Happy New Year!
Global financial markets ended the year on higher ground despite a challenging year. The passing of a USD900 billion Coronavirus relief bill in the US lifted sentiment, but failed to maintain momentum as trading volume tapered off in the final week of the year as we headed into the holiday period. The rapid spread of the pandemic has continued to ravage global economies, leaving many in lockdown despite a vaccine. Gold price remained well supported on the back of the uncertainties to end the year with a respectable return despite the marginal dip last week.
In the News
- Investors’ sentiment improved at the start of the year after President Trump signed a USD 900 billion Coronavirus relief bill that will see its citizens receive USD600 to ease their burden.
- The bill remained controversial as legislation to increase the pay-out to USD2,000 was objected by the Republican-led senate.
- Vaccines started to be distributed into economies, with the UK population to be amongst the first to be vaccinated with the AstraZeneva and Oxford University vaccine after receiving an approval last week.
- However, economies remained on high alert as the discovery of a new strain of the virus is believed to spread more rapidly, heightening concerns amongst the medical professionals, where hospital capacities are reaching its maximum.
- The delay in distributing the vaccine had kept investors on their toes, leaving tech-related stocks to continue its run. The NYSE FANG Index, which tracks 10 of the most renown tech names listed in the US rose 2.65% in MYR terms to end the year with a whopping 99.41% gain. The 0830EA, which aims to provide 2X the daily performance of the said index saw its NAV rise more than 160% in 2020 after rising more than 7% last week.
- After prolonged debate, the UK and the EU finally reached a Brexit agreement – which saw stock prices, and the GBP currency strengthening.
- At the same time, the EU had also reached an investment treaty with China which would give the bloc better access to China’s markets. This will include sectors like automotive, private health care, cloud computing, and air transport services to name a few.
- China’s ability to be the first to contain the virus also boosted investors confidence, pushing the domestic equity indices higher on optimism that the economy will see even stronger growth in the coming year.
- However, tensions between the US and China continued to put pressure on markets. The NYSE had indicated that it would halt the trading of 3 China telco companies by 11 January, namely China Mobile, China Unicom, and China Telecom.
- Nevertheless, China’s major indices climbed strongly, with the New China Economy Index (gauged by the S&P New China Sectors Ex A Share Index) rising 3.84% in MYR terms to end the year with a 41.79% gains. This benefitted the 0829EA, which tracks the Index – allowing the NewChina ETF to rise 3.48% last week to see a NAV-to-NAV rise of 35.68% in MYR terms for the year. In comparison, the Shanghai Composite Index rose 19.4% last year, while the CSI300 Index climbed 33.39% higher.

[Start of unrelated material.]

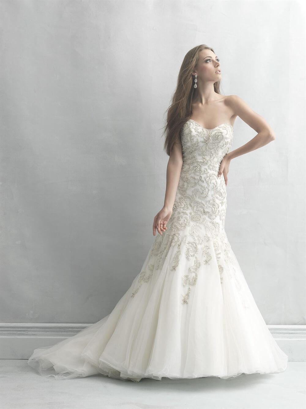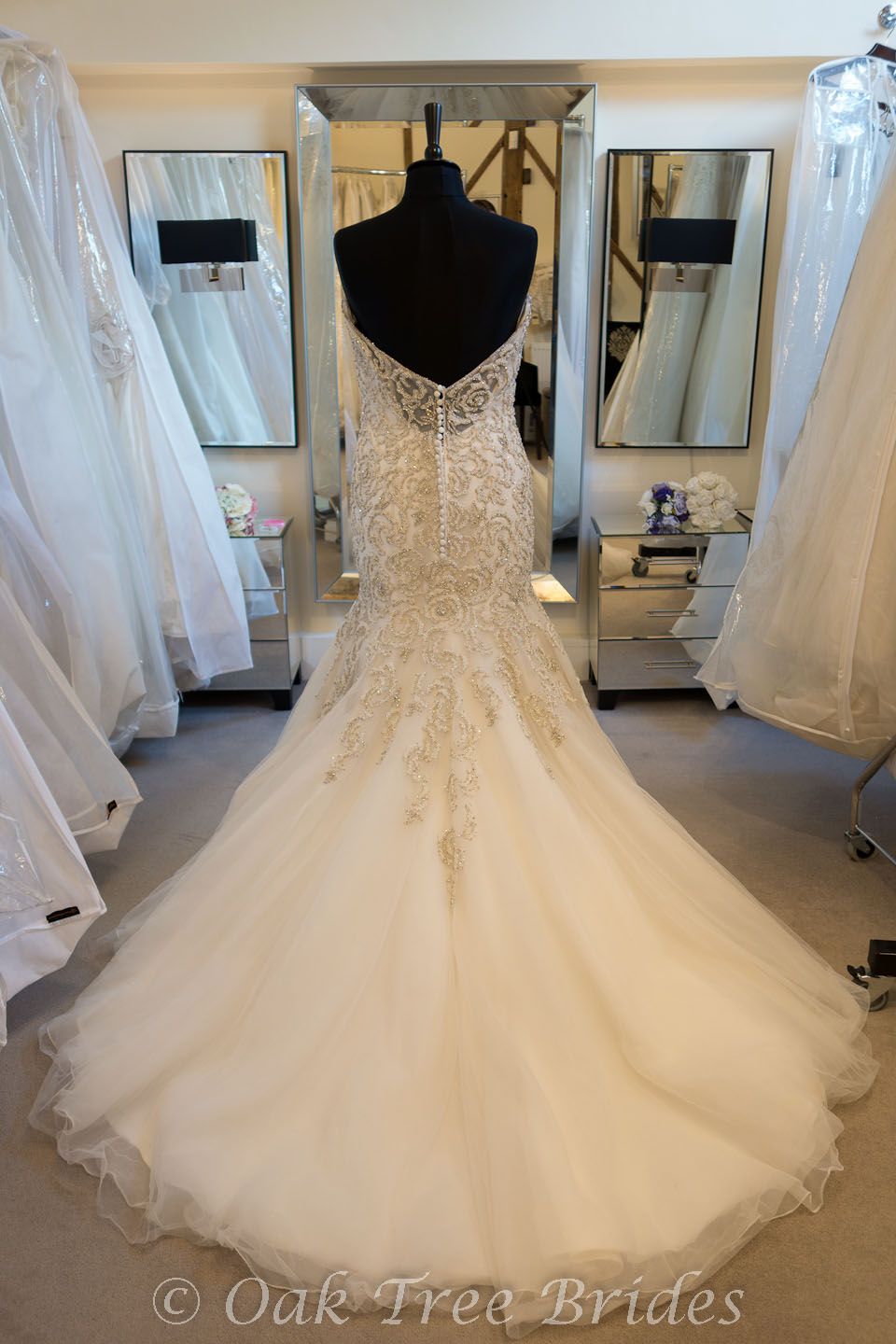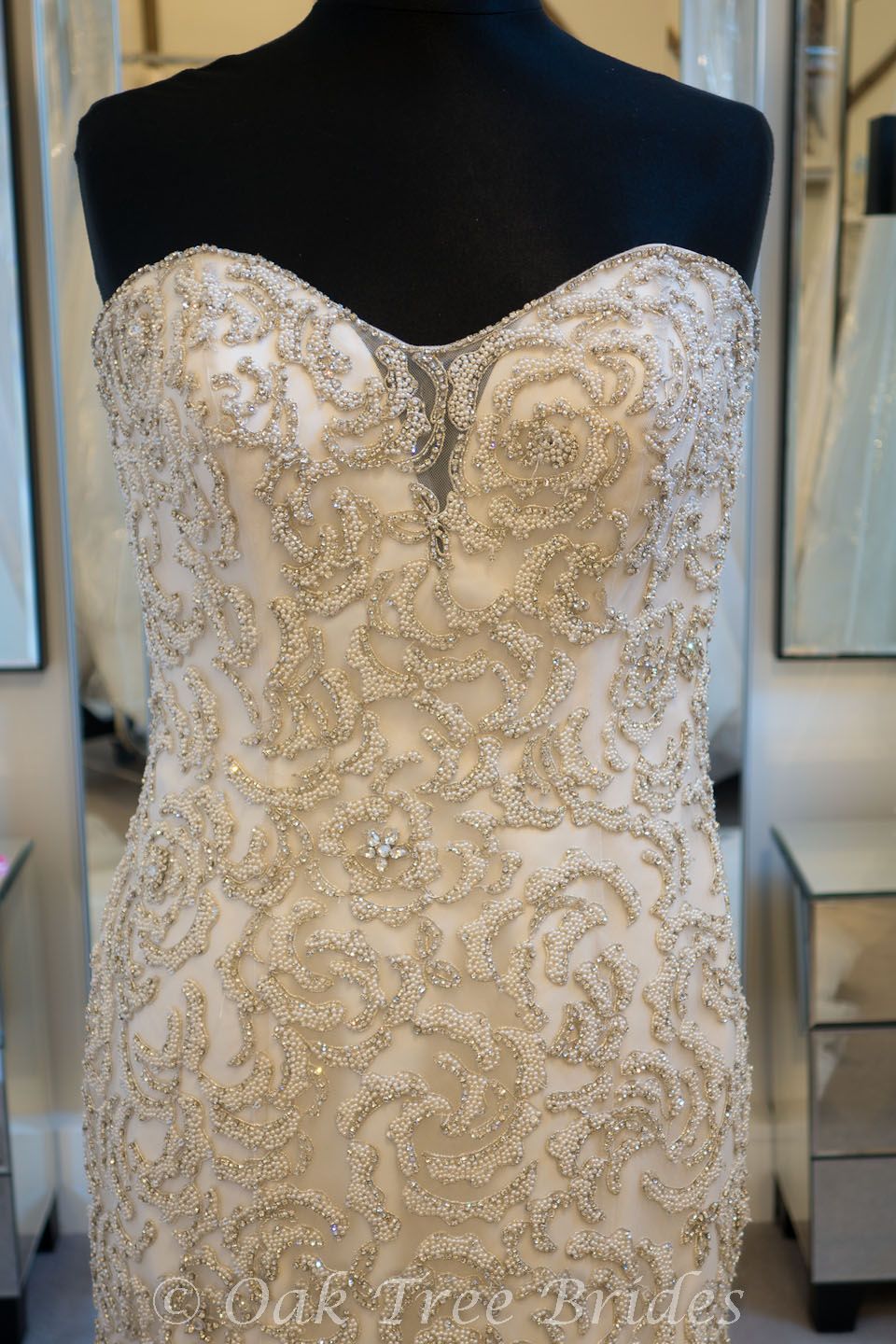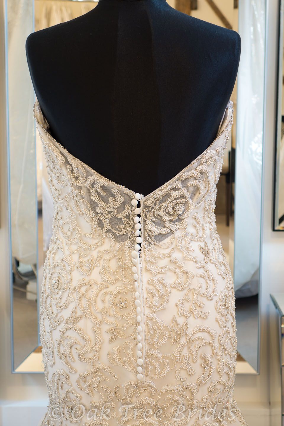 Description : A fit and flare wedding dress in tulle embroidered with pearlescent and crystal beading in a rose pattern. Sweetheart neckline and low back.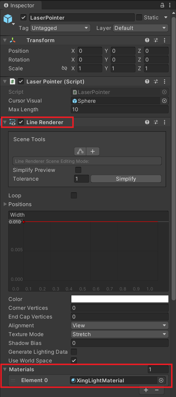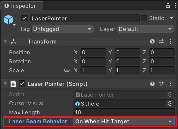 ๋๋ค๋ฅธ ์ค์ ์ ์ํด 'LaserPointer' Script๋ฅผ ์์ ํฉ๋๋ค.

- On the local front, performance of sectors were mixed, allowing the 0836EA to see a gain of 0.82% with the support of momentum stocks, while the broader KLCI slid 0.85% lower.
- The uncertainties that have continued to hover over global economies provided an opportunity for the safe haven Gold to see its price rise by more than 22% this year in MYR terms, as indicated by the LBMA Gold Price Index which ended the year at USD 1,891.10 per ounce. Despite the marginal dip last week, the 0828EA bagged a return of 20.5% for the year in MYR terms.
On the Economic Data Front
- US economy picking up on improved sentiment:
- Home prices were seen rising faster than expected, despite the drop in home sales.
- Jobless claims had also feel to its lowest level in almost a month at 787,000.
- China expected to see steady growth for 2020 despite the challenges:
- Official manufacturing PMI continued to expand in December, with a reading of 51.9.
- Strong economic data flowing out of China has left analysts forecasting an economic growth of 1.9% - 2.1% for 2020.